Submission Details

Human pathogenic variants in the autoimmune regulator (AIRE) gene were first reported in association with autoimmune polyendocrinopathy -candidiasis-ectodermal dystrophy (APECED) also known as autoimmune polyendocrine syndrome type 1(APS-1) in 1997 (Ahonen et al, PMID:2348835; Aaltonen et al, PMID:9398840). Both autosomal recessive (Wang et al, PMID:9921903; Heino et al, PMID: 9888391; Cranston et al, PMID:35521792; Bjorses et al, PMID:8808604) and autosomal dominant (Cetani et al, PMID:11600535; Oftedal et al, PMID:26084028) forms have been reported.

Classical autosomal recessive AIRE-related APS-1 is typically caused by homozygosity or compound heterozygosity for variants in the CARD, SAND, PHD1, and PHD2 domains/exon-2,6,8,10 of AIRE with chronic mucocutaneous candidiasis, hypoparathyroidism, primary adrenal insufficiency, hypogonadism and other organ specific autoimmune manifestations usually seen in children aged 3-5 years (Husebye et al, PMID:19382991; Suh et al, PMID:31905445; Bjorses et al, PMID:10677297). The occasional autosomal dominant cases were caused by apparent dominant negative variants in the first plant homeodomain (PHD1) Zinc finger and SAND domain and characterized by later onset, milder phenotypes, and reduced penetrance compared to classical APS-1 (PMIDs: 116005356, 26084028).

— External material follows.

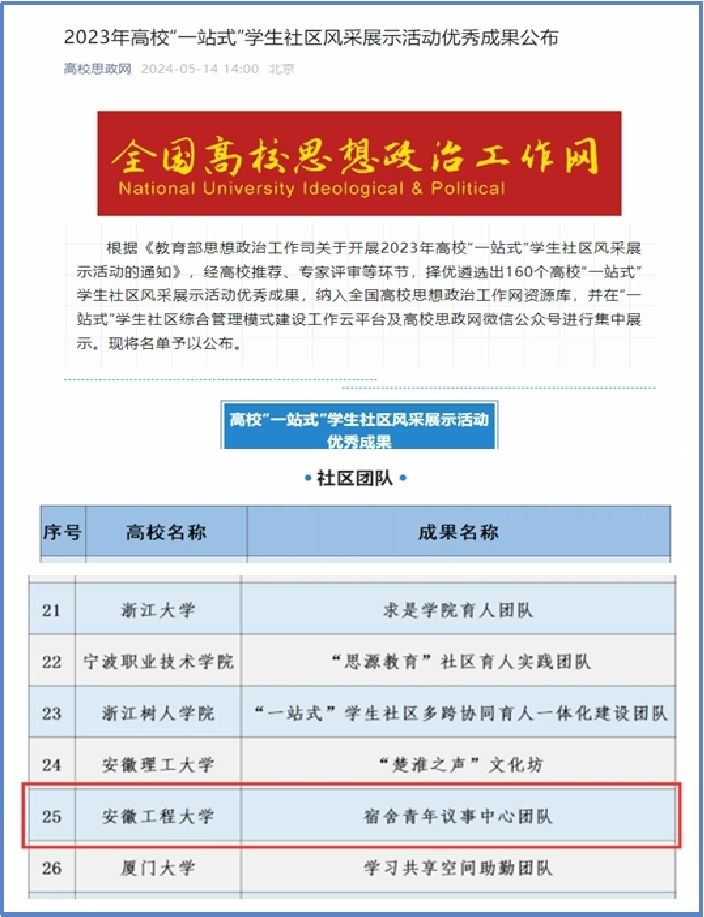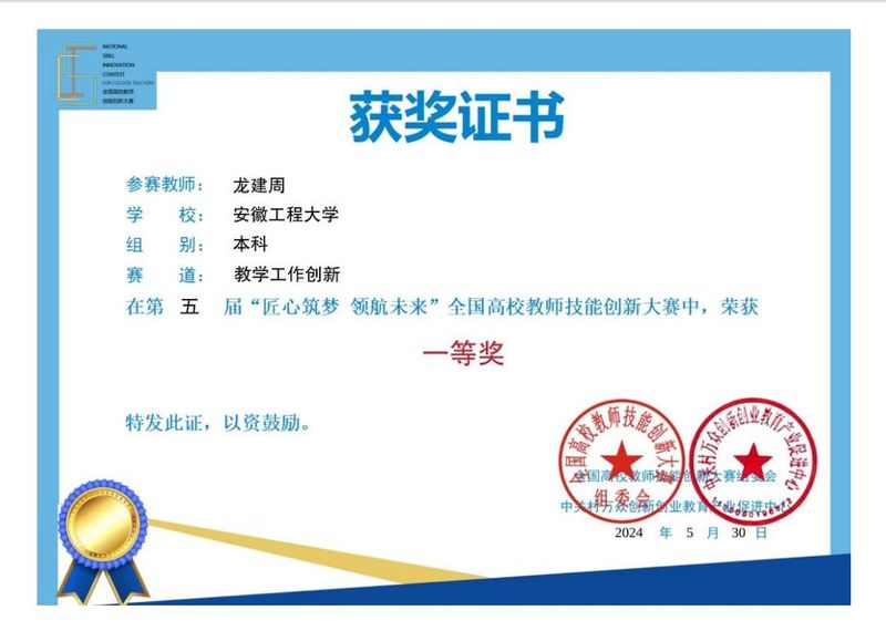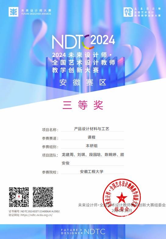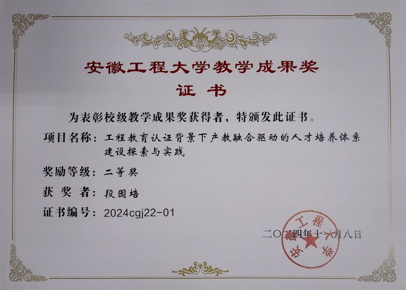 材料成型及控制工程专业先后获批安徽省一流(品牌)专业和国家级一流专业建设点,并通过工程教育专业认证;材料科学与工程专业入选省级卓越工程师教育计划“六卓越一拔尖”建设专业。学院教师获第五届全国高校教师教学创新大赛安徽省赛区二等奖1项,第五届全国高校教师技能创新大赛一等奖1项,全国艺术设计教师教学创新大赛省级二等奖1项、三等奖2项。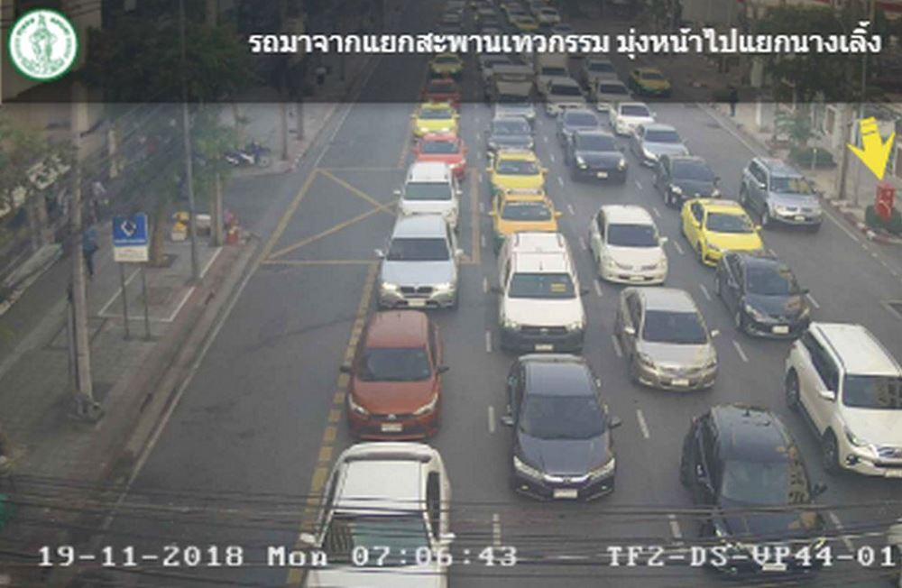กทม. 19 พ.ย.-สวพ.FM91 รายงานจราจรเช้าวันจันทร์ ถนนนครสวรรค์ มุ่งหน้าแยกนางเลิ้ง รถติดขัด ท้ายแถวสะสมใกล้เคียงแยกจักรพรรดิพงษ์

Autoimmune diabetes has been reported as a rare manifestation of APS-1 with prevalence ranging from 1-18% in various populations (reviewed in PMID: 27420045). Thus it makes sense to consider the possibility of an AIRE variant when autoimmune diabetes is accompanied by other autoimmune disorders characteristic of APS-1.

At least 100 APS-1 - causing variants (primarily frameshift or nonsense) have been identified across AIRE in humans. Evidence supporting the association of this gene with APS-1 includes case-level data, segregation data, and experimental data. The aggregated score for case-level and segregation data is 12 points. Variants in this gene have been curated in at least 5 probands in 4 publications (PMIDs: 34991662, 34991662, 24988226, 28323927,18274776), with cases presenting as APS-1. More evidence is available to support the gene-disease association in the literature, but as the maximum score for genetic evidence (12 points) has been reached this has not been curated exhaustively. This gene-disease relationship is supported by functional assays (both individual and massively parallel), expression studies and functional alterations. Total points for the experimental evidence are 5.5. The total score for genetic and experimental evidence together is 17.5.

Per criteria outlined by the ClinGen Lumping and Splitting Working Group, we found differences in inheritance pattern, mutational mechanism, and penetrance between the recessive and dominant forms of APS-1. Therefore, we curated AIRE related APS-1 with autosomal recessive inheritance (OMIM: 240300) as a split curation of autoimmune polyendocrine syndrome type 1 (MONDO: 0009411). Given the decreased penetrance and apparent dominant negative mutational mechanism of autosomal dominant APS-1, this entity may be curated as a split curation at a later date if more data accumulates.

In summary, AIRE is definitively associated with autoimmune polyendocrine syndrome type 1, with most cases presenting in children from birth or 3-5 years of age. This has been repeatedly demonstrated in both the research and clinical diagnostic settings and has been upheld over time.